A common-law spouse must apply within six months of the Certificate of Appointment of the Estate Trustee, although extensions may be granted by the Court.
Unjust Enrichment
If a surviving common-law spouse helped build, contributed to the acquisition, or upkeep of property (i.e., family home) without being legally recognized as the registered owner on title, they may bring a claim for unjust enrichment. This is an equitable remedy based on the principle that one person should not benefit unfairly at the expense of another. The remedy often leads to a constructive trust, a court-imposed interest in property. This claim can be complex but powerful, especially where the estate includes valuable real estate or business that the common-law spouse assisted in growing.
Joint Assets and Designated Beneficiaries
Some assets may pass outside of the estate. If common-law spouses held bank accounts, investments, or property jointly, the surviving common-law spouse may receive these assets by right of survivorship. Similarly, life insurance and pension benefits with named beneficiaries will go directly to those individuals, regardless of what the Will stipulates. So, if the common-law spouse is named as a beneficiary, they will receive such aforementioned benefits. However, be aware that not all joint property held is truly joint because if there is a dispute, the Court will look at who contributed to what and why, and whether it was intended to be a gift or a joint interest.

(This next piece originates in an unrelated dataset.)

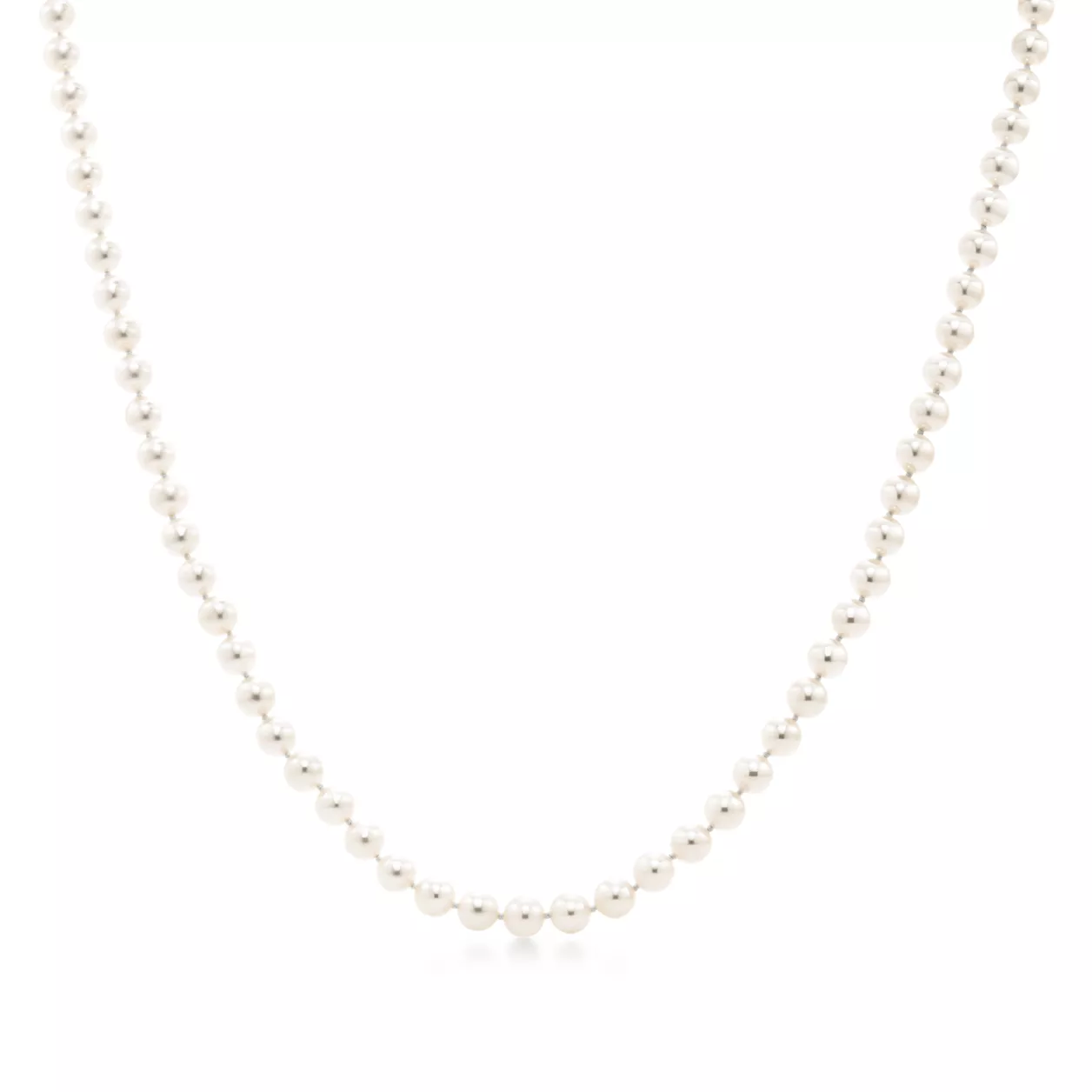 Necklace of Akoya cultured pearls with an 18k white gold clasp. 18" long. Decorative tag in 18k white gold is inscribed with "Tiffany & Co." in script. Pearls, 7-7.5 mm.
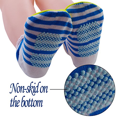 PROTECT YOUR BABY! These socks are perfect for the fussy baby that kicks off their socks! They are great socks that allow plenty of room to grow into, anti-slip bottom prevent fall down for your toddler from smooth wood floors. They are just adorable and the white-dotted skid proof bottoms to make them great for baby feet and start to walk. If you are looking for a baby gift or have a toddler of your own, this pack is great because of the variety of colors and patterns and the light breathable material. They are easy to get on and older toddlers are probably big enough to dress their little feet all by themselves, helping Mom out. Great for all surfaces - indoors, outdoors, wood floors, playground, day care and play areas. Super cute design, machine washable, will not fade and shrink when machine washed. 0

Challenging the Validity of a Will
If a common-law spouse was excluded from a Will, they may challenge the validity of the same on grounds such as lack of testamentary capacity, undue influence by others, and/or fraud/forgery. I note that such cases are complex and require substantial evidence. However, if the common-law spouse is successful, it can lead to the Will being set aside and a previous Will or intestacy rules to prevail.
Conclusion
The law is slowly catching up to the “modern relationship,” however, there continues to be a sharp line between married couples and common-law couples when it comes to estate rights. Common-law spouses continue to face hurdles when it comes to inheritance. If you are in a common-law relationship, it is imperative that you plan ahead, draft a Will, consider a cohabitation agreement, use beneficiary designations wisely, and discuss openly with your common-law spouse about any expectations.